I wish to express my gratitude to the latest posters who have responded to my question about the use of conjunctions in Chinese.  Your advice has greatly helped me.  No, bearsq, I was not referring to that particular journalist.  Again, fei chang xie xie nimen.


----------



## WiIIaM

Muye's idea has some problems about ancient Chinese, but anyway, 句读,not 逗.
Chinese emphasize 留白 i.e. "leaving blanks(for you to imagine or deduce)". In my study I sadly find that we are talking and writing Chinese more like English, with clear logic, direct meaning, even English sentence order.
Don't fall in love with conjuctions~


----------



## YangMuye

WiIIaM said:


> but anyway, 句读,not 逗.



*讀*：《釋文》徐*音豆*。

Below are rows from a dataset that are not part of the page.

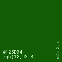 Цвет #125D04 в цветовой модели RGB обозначается тремя октетами (18, 93, 4) в десятичном формате и #125D04 в шестнадцатиричном (hex) формате, которые являются интенсивностью красного 18 (hex 12), интенсивность зелёного 93 (hex 5D) и интенсивность синего 4 (hex 04).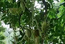 葫芦树是紫葳科、葫芦树属乔木,高5-18米;枝条开展,分枝少。叶丛生,2-5枚,大小不等,阔倒披针形,顶端微尖,基部狭楔形,具羽状脉。花单生于小枝上,下垂。花冠钟状,微弯,淡绿黄色,具有褐色脉纹,…全部>>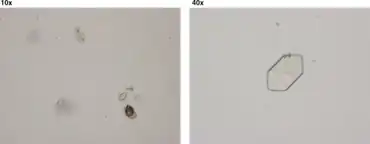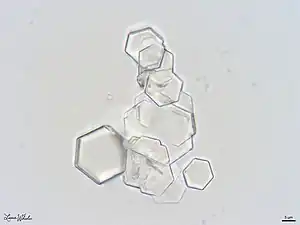 | These cystine crystals were found in the urine sediment of a male dog who presented to the veterinary hospital with a history of chronic stranguria (straining to urinate) and pollakiuria (abnormally increased frequency of urination). A cystotomy was performed and numerous cystoliths (bladder stones) were removed. 5μm scale bar; 1,000x magnification; focus-stacked image consisting of 12 exposures; courtesy of Lance Wheeler. | |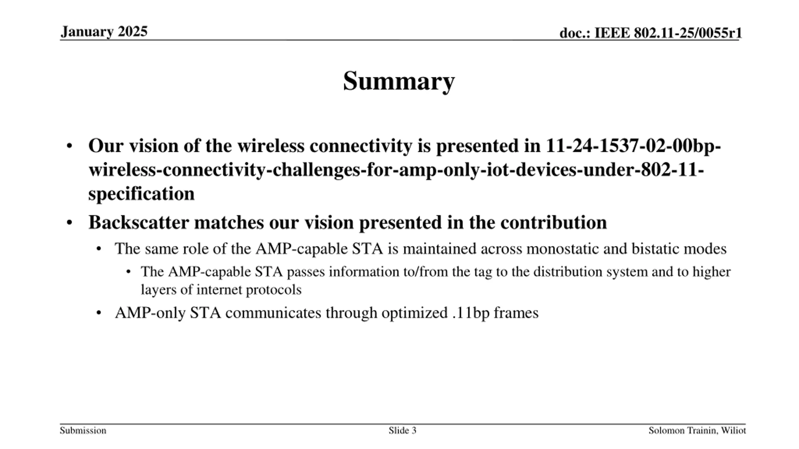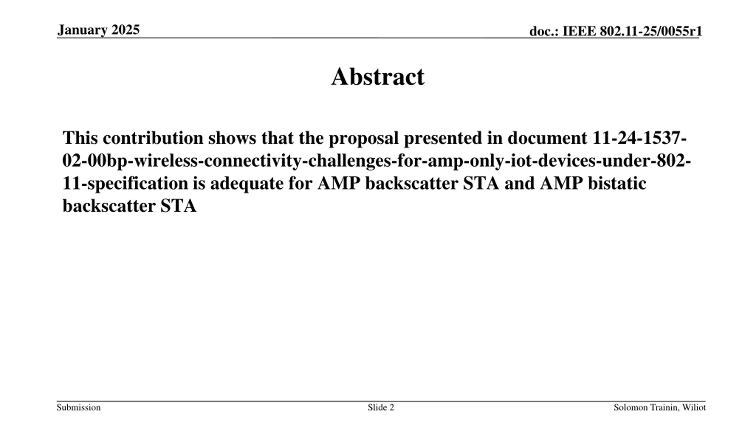 January 2025 doc.: IEEE 802.11-25/0055r1 Abstract This contribution shows that the proposal presented in document 11-24-1537- 02-00bp-wireless-connectivity-challenges-for-amp-only-iot-devices-under-802- 11-specification is adequate for AMP backscatter STA and AMP bistatic backscatter STA Submission Slide 2 Solomon Trainin, Wiliot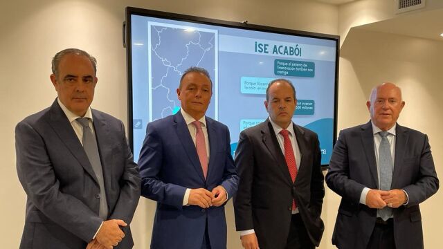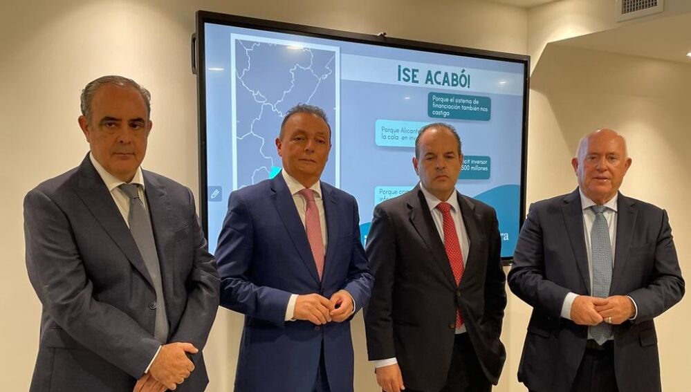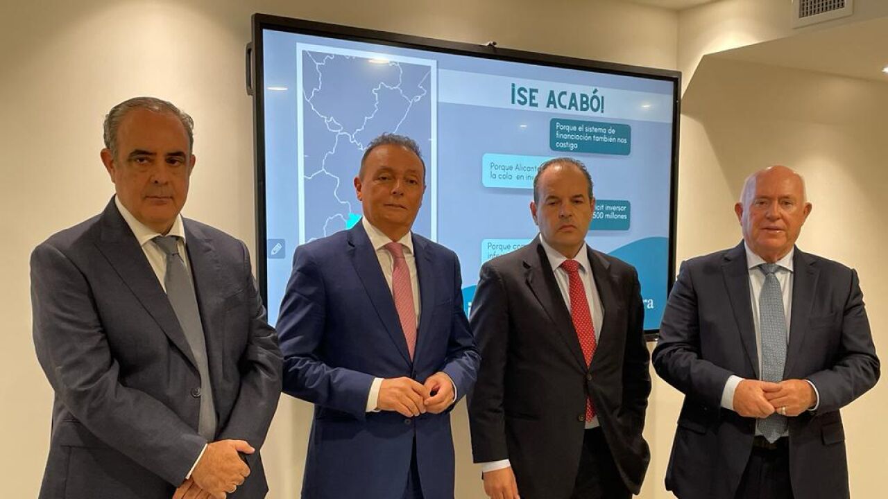 El presidente de la CEV, Salvador Navarro; el presidente de CEV Alicante, Joaquín Pérez; el presidente de la Cámara de Comercio de Alicante, Carlos Baño; y el presidente de INECA, Nacho Amirola, han comparecido esta mañana ante los medios de comunicación para presentar sus reclamaciones a nivel nacional, como parte del plan de acción consensuado entre las tres organizaciones y a través del que se apela a la unidad de la sociedad para cambiar el proyecto de presupuestos.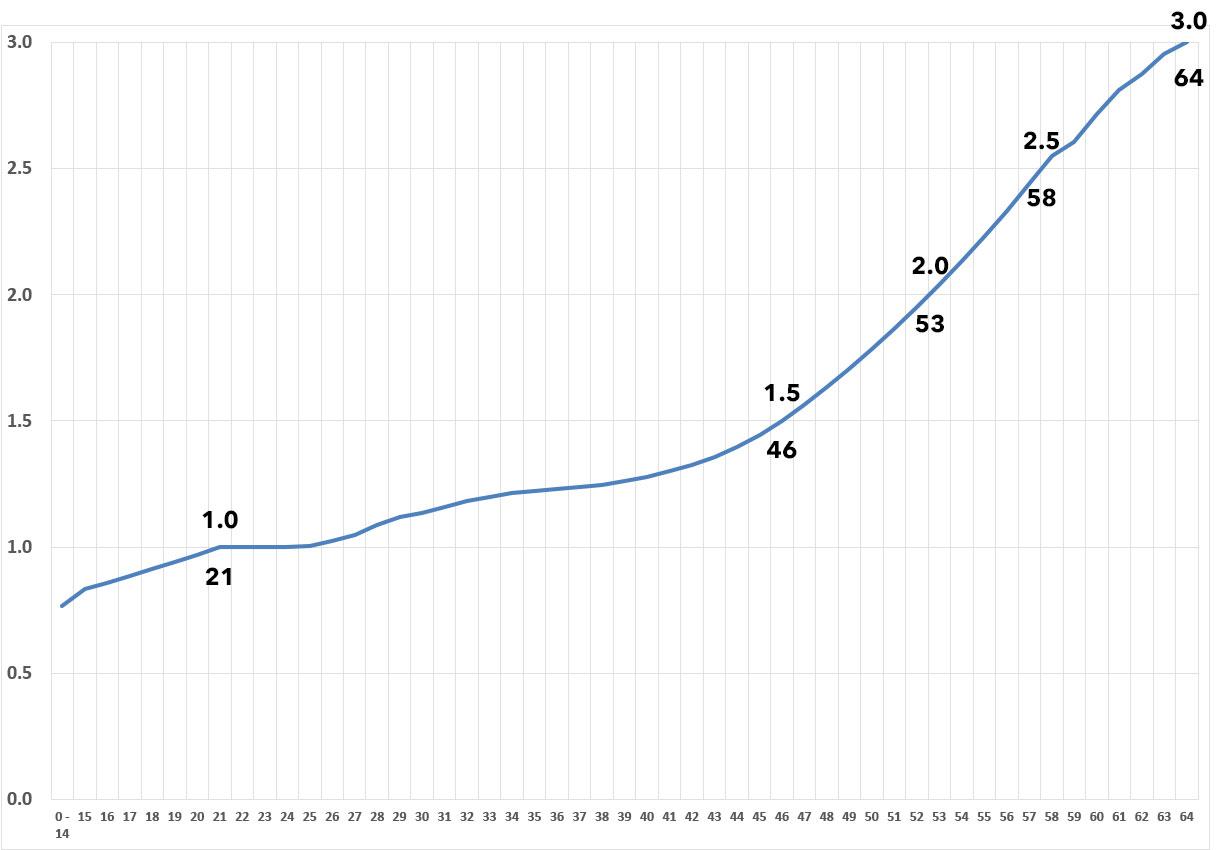 The essence of the problem remains the fact that there's a 3:1 pricing ratio limit between 64-yr olds and 21-yr olds even though the actuarial cost difference between the the two tends to be more like 5 or 6 to 1. Making this even more confusing is the fact that even that 3:1 age band isn't a straight line; that is, it doesn't hit 1.5x at 32 years old, 2.0x at 42, 2.5x at 53 and 3.0x at 64. The actual band looks more like this: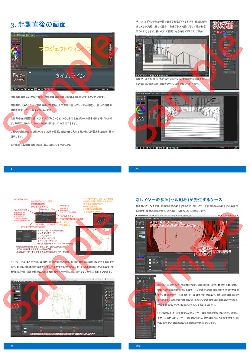 私共のスタジオでは、2015年頃からフランス製2Dアニメーションソフト「TVPaint Animation」を導入し、現在では実際のカット制作にも使われていますが、本ソフトウェアを解説している書籍は開発元が提供するドキュメント以外にほぼなく、日本のアニメ制作フローに沿う解説書が必要であったため、前職で撮影の実務経験があり動画・仕上に関しても手順をひと通り学んでいる私の方で、社内向けマニュアルを作成、加筆を進めてきました。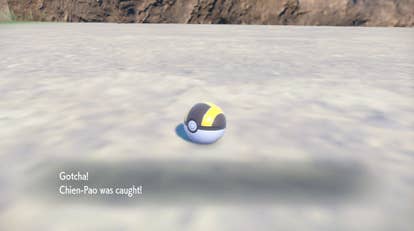 Wir haben Chien-Pao schnell in einem Ultra-Ball erwischt, aber wenn Ihr Kampf lang wächst, versuchen Sie, einen Timerball zu verwenden.Je mehr Kurven in einer Schlacht genommen werden, desto effektiver wird dieser Poké -Ball beim Fangen Pokémon.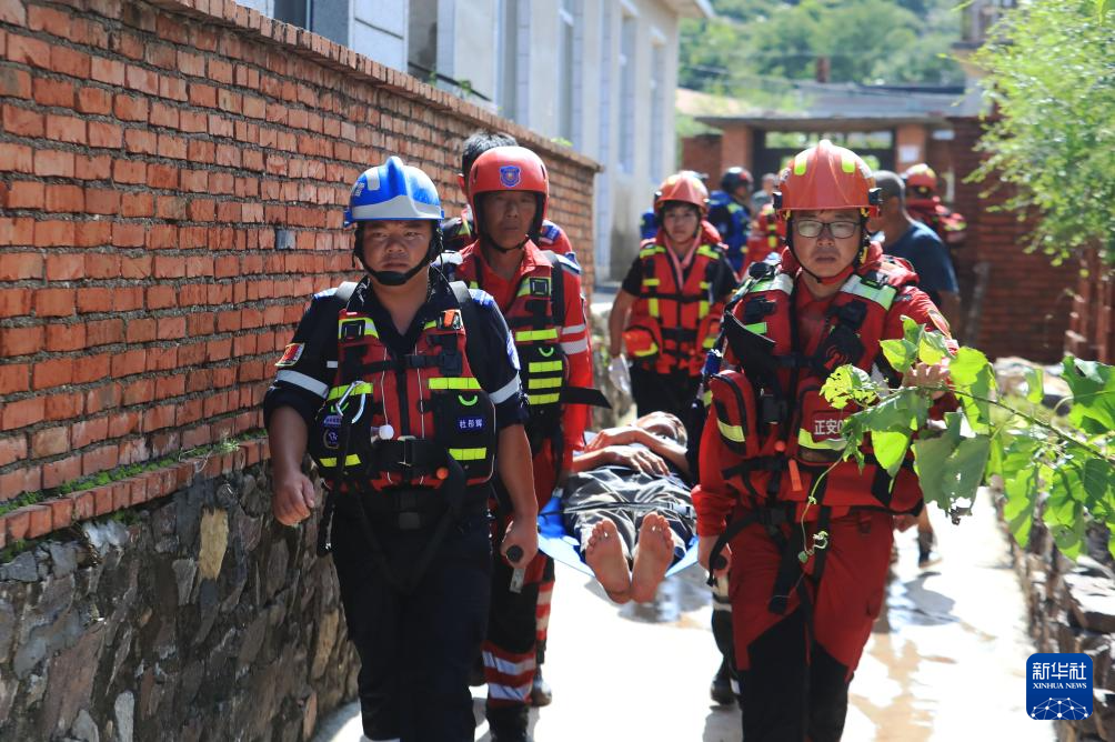 8月23日,在葫芦岛市建昌县黑山科乡二道河子村,救援队员用担架抬出一名急需就医的老人。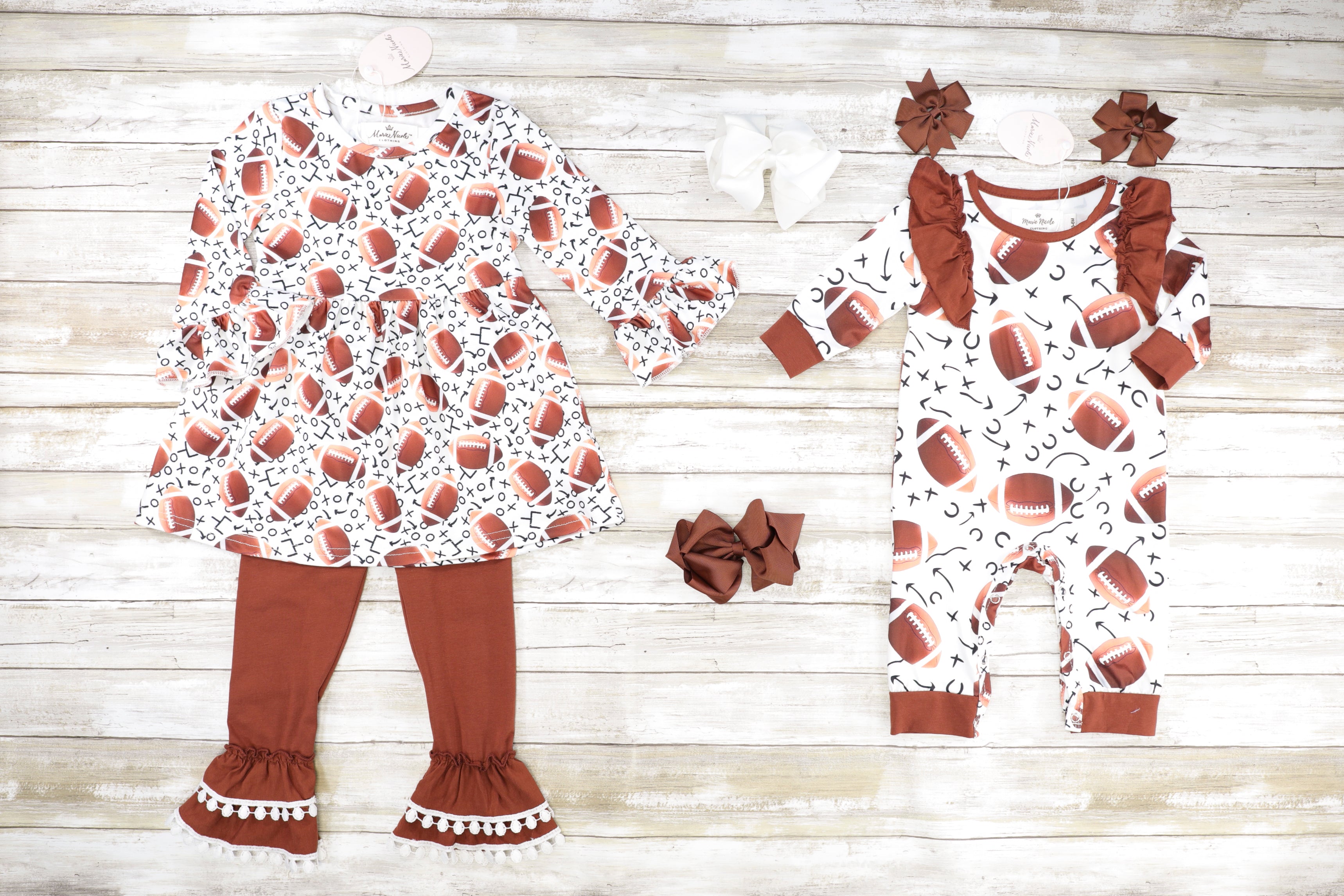 Ready? Set. Hike! This sporty set is perfect for your football gals! This romper features a football design with flutter trim & brown trim.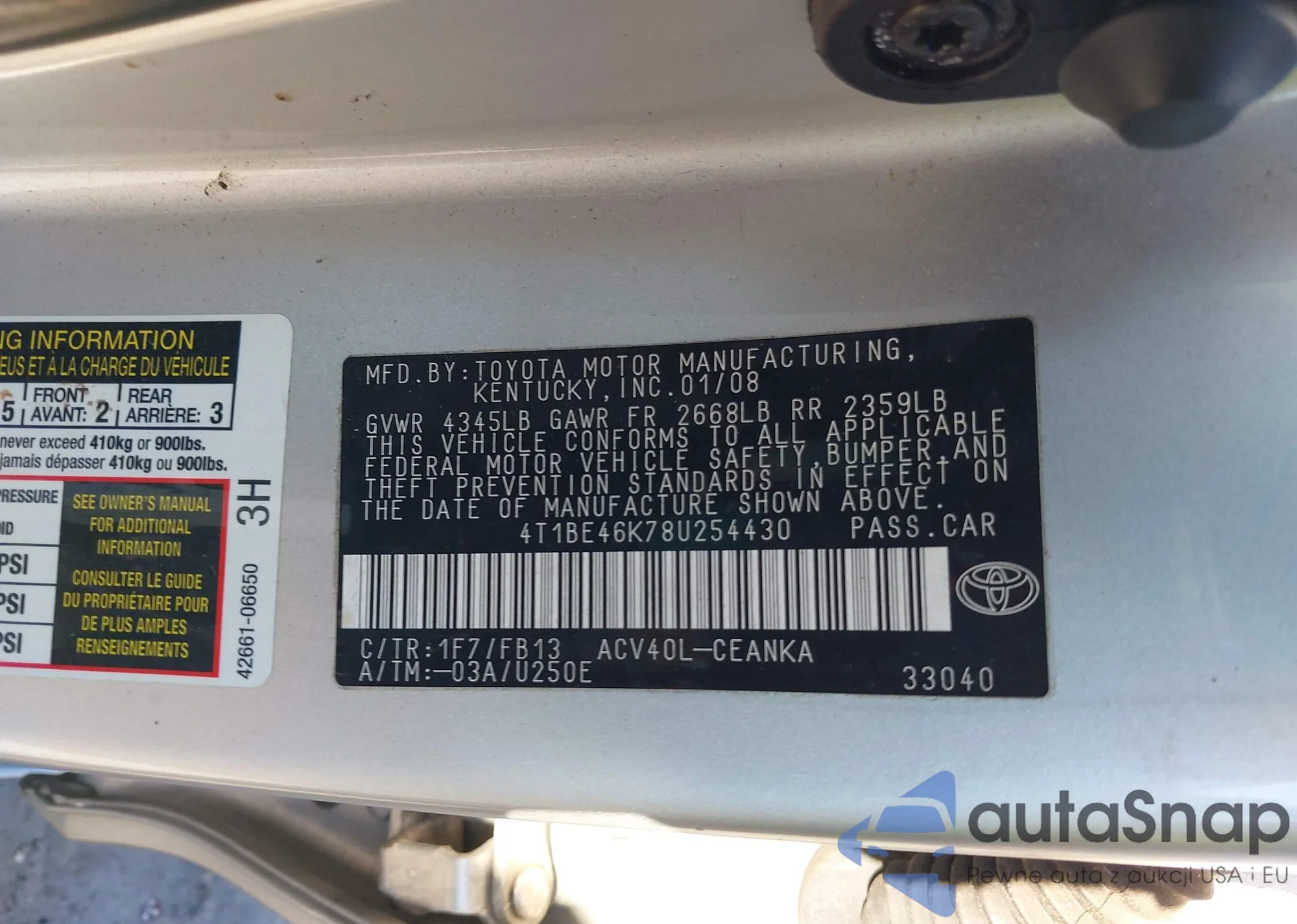 VIN: 4T1BE46K78U254430

(the pronunciation is dou)又《增韻》*句讀*，凡經書成文語絕處謂之句。(It's the end of a sentence(“句”) if you don't have further things to say.)語未絕而點分之以便誦詠，謂之讀。(A sentence is not finished, but you can put a mark(逗) so that it's easy to read.)今祕省挍書式：凡句絕，則點於字之旁讀（put a “。” at the end of a sentence），分則微點於字之中閒。（put a “、” when you need a short stop）　又《韻會》通作*投*。(The same as 投)《馬融·長笛賦》察度於*句投*。《註》說文曰：逗，止也。(逗 means a stop)*投與逗古字通，音豆*。(投 and 逗 are the same, are pronounced “豆” )投，句之所止也。(投 is where the sentence ends)○按此則*讀與逗通*（According to this, 讀 逗 are interchangeable）。*逗又與投通*。(so do 逗 and 投).

I think it's easier for foreigner to understand it's meaning when using 逗.
When talking with an Chinese, I will of course use “句讀”, or “句投” and laugh at his ignorance if he can't read it in the right way. 
开個頑笑，沒有冒犯的意思。


----------